In theory, TRT is supposed to return testosterone levels to normal only after they've fallen to an abnormally low range. Jones, like many TRT critics, doesn't see it this way and expressed concern about the potential for abuse.

"Right now I'm 25," said Jones. "I'm sure I'm not as giddy and happy-go-lucky as I was when I was 20, so if I take a drug at my 25-year-old age and have the energy of a 20-year-old, it just wouldn't be fair. Everyone would hate me if I did it, but Chael Sonnen gets to do it? I think it's bullcrap."

Sonnen opted not to respond. At least Jones now knows what to say if he's tired of hearing from Sonnen.

Things of intrigue

Head games.

Sonnen is thought to be masterful at this, and it looks as though Jones will play on the same battlefield. Their conference call earlier in the week offered plenty of examples.

TRT was an obvious shot. Jones insisted several times that Sonnen doesn't have the stuff to be champion. And Jones laid down the gauntlet, promising essentially to put Sonnen in his place. Jones portrayed it as if Sonnen didn't have a chance, which will mirror the prevailing attitude of fans coming into the fight.

I'm curious to see how Sonnen responds over the next six months.

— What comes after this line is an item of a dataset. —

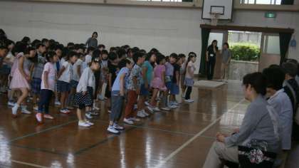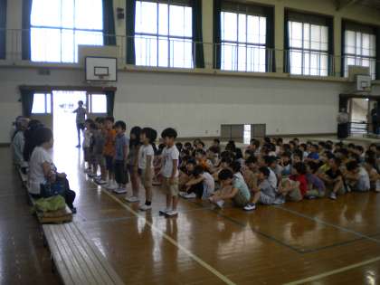 今日は、にこにこ会がありました。まず、はじめの言葉と1年生からの歌の発表です。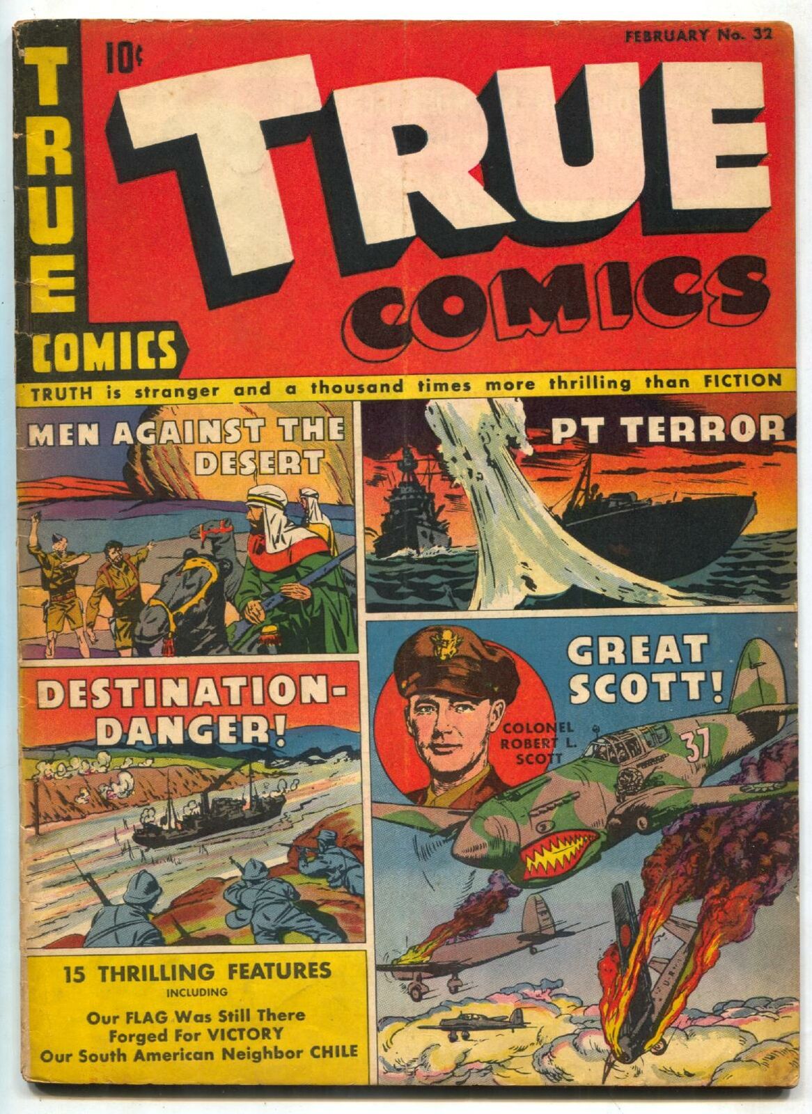 True Comics #32 1944- WWII- Colonel Robert L Scott VG+

His persona and all of that will be questioned constantly. Truth is always the best antidote.

Prescription for TUF times

"The Ultimate Fighter" is worth discussing only when it churns out contender-level prospects. Otherwise, in my eyes at least, it's not much different than Golf Channel's "The Big Break."

One thing can save the show, make it meaningful and prompt viewers to tune in: fighters who seem to have the potential to become contenders someday.

Absent that, the show is just a show. And with all this MMA on the air, it's not as if people are clamoring to watch low- to mid-tier fighting on a regular basis, even if it's encased in the Octagon.

Sonnen made a compelling case for the show -- appealing, ironically, to its most sporting aspect: the tournament. No doubt, the fighters on the show are put through a trying few weeks. Quick fights in succession, no real preparation for the opponent. That's rough stuff. As he's prone to do, though, Sonnen went off the reservation trying to compare TUF to the Olympics or whatever he was doing.

Tournaments work. UFC was founded on them. Pride made its name on them. As always, it matters who's competing. The show finds itself in a difficult spot, competing in its own way for prospects against MMA promoters, including Zuffa.

Until that's figured out, what's the point in watching?